_TASK BRIEF_. In the data that follows, find the line with "wire string lights."; transcribe it, every later line up to the one with "Autre particularité, les", and that line as well, exactly and with no others.

[THE RECORDS Boundary: Start]

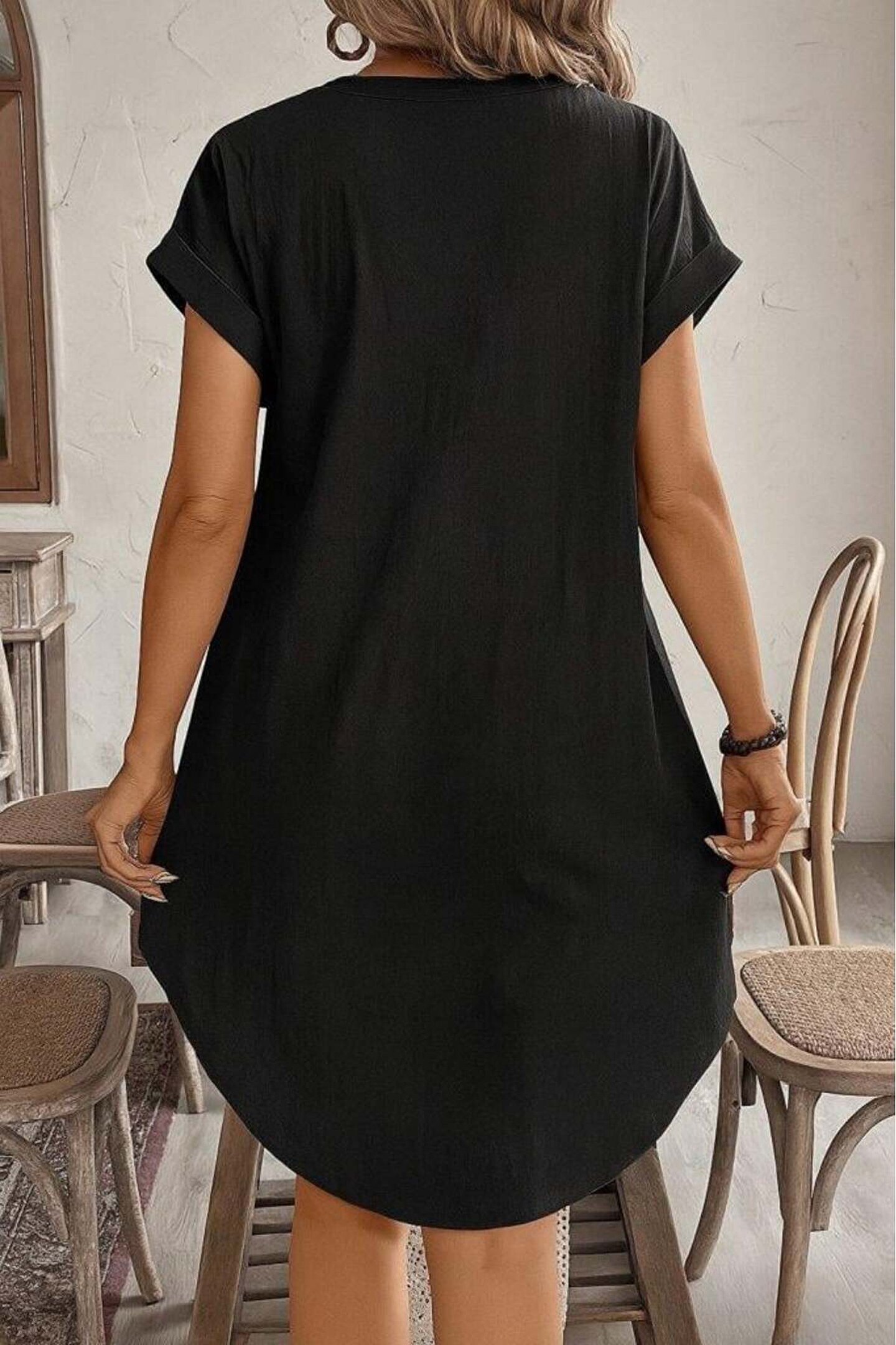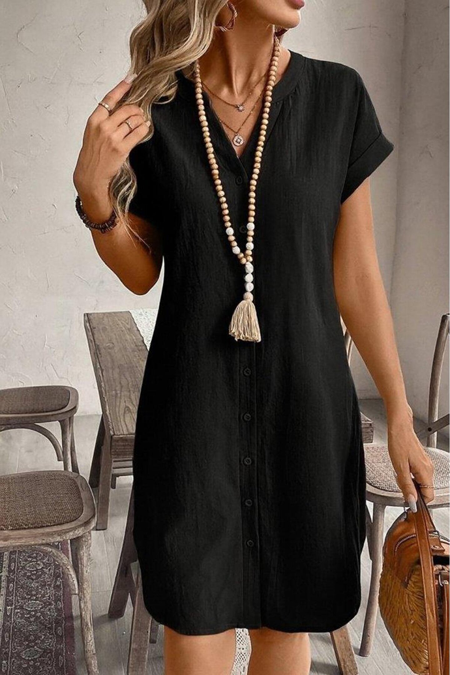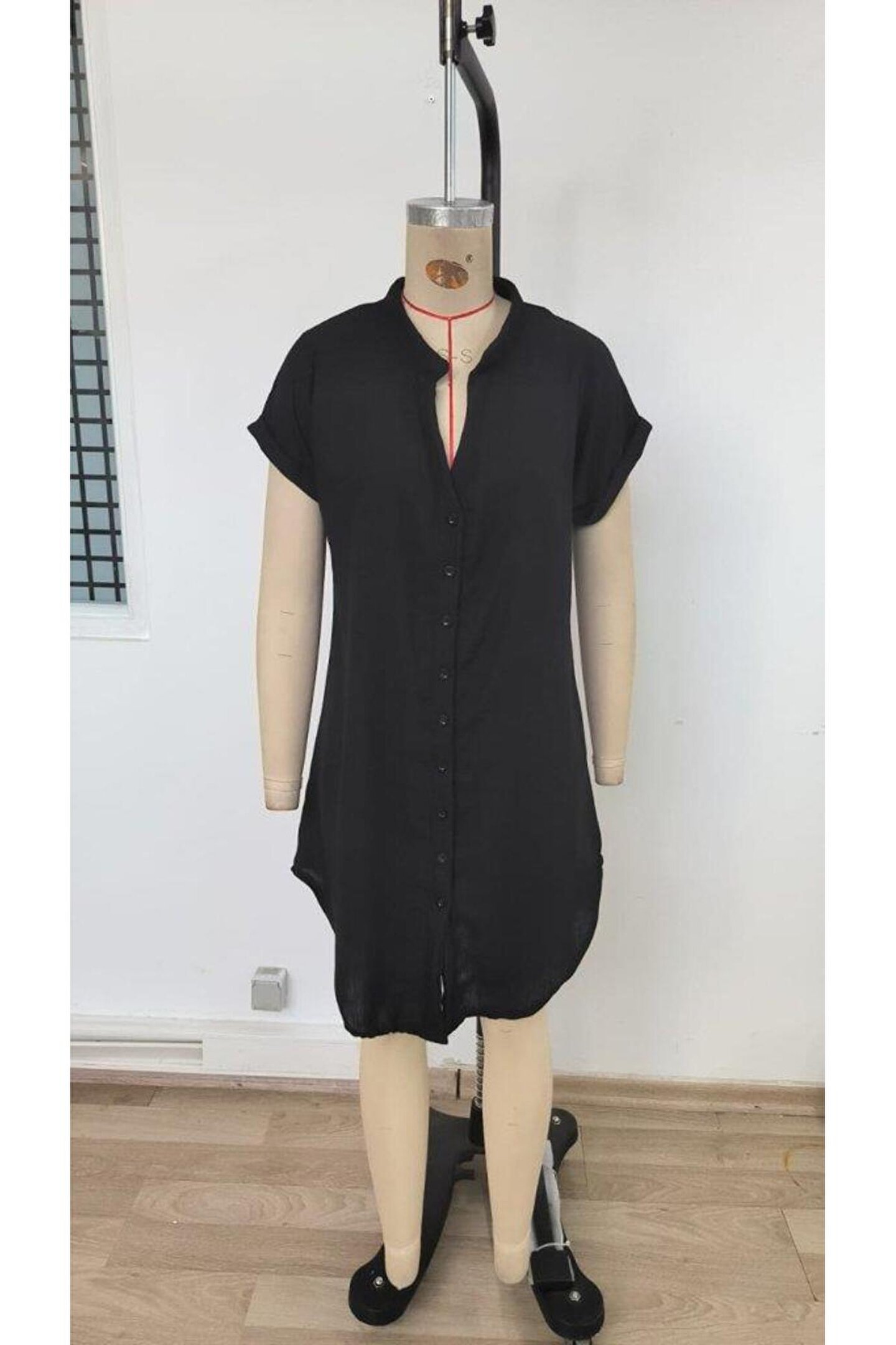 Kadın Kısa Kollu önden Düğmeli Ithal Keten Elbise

[THE RECORDS Boundary: End]
[THE RECORDS Boundary: Start]

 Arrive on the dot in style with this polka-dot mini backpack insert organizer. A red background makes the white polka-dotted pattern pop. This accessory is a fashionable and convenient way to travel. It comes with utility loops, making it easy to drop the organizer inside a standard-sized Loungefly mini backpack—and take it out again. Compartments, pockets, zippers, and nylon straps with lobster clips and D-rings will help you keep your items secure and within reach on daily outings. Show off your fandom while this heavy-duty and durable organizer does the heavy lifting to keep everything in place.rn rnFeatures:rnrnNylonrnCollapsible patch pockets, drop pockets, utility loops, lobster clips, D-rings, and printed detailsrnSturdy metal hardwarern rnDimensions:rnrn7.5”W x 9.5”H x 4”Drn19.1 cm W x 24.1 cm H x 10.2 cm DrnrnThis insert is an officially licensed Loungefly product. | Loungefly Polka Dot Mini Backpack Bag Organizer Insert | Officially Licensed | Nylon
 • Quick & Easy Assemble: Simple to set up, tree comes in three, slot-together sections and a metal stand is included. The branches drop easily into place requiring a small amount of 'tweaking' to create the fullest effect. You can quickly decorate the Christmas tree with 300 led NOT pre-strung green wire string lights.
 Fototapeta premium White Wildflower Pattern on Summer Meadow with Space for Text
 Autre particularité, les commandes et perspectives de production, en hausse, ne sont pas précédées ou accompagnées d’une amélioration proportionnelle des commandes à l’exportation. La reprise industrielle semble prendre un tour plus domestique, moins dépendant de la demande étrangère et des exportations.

[THE RECORDS Boundary: End]

_YOUR SOLUTION_.
 • Quick & Easy Assemble: Simple to set up, tree comes in three, slot-together sections and a metal stand is included. The branches drop easily into place requiring a small amount of 'tweaking' to create the fullest effect. You can quickly decorate the Christmas tree with 300 led NOT pre-strung green wire string lights.
 Fototapeta premium White Wildflower Pattern on Summer Meadow with Space for Text
 Autre particularité, les commandes et perspectives de production, en hausse, ne sont pas précédées ou accompagnées d’une amélioration proportionnelle des commandes à l’exportation. La reprise industrielle semble prendre un tour plus domestique, moins dépendant de la demande étrangère et des exportations.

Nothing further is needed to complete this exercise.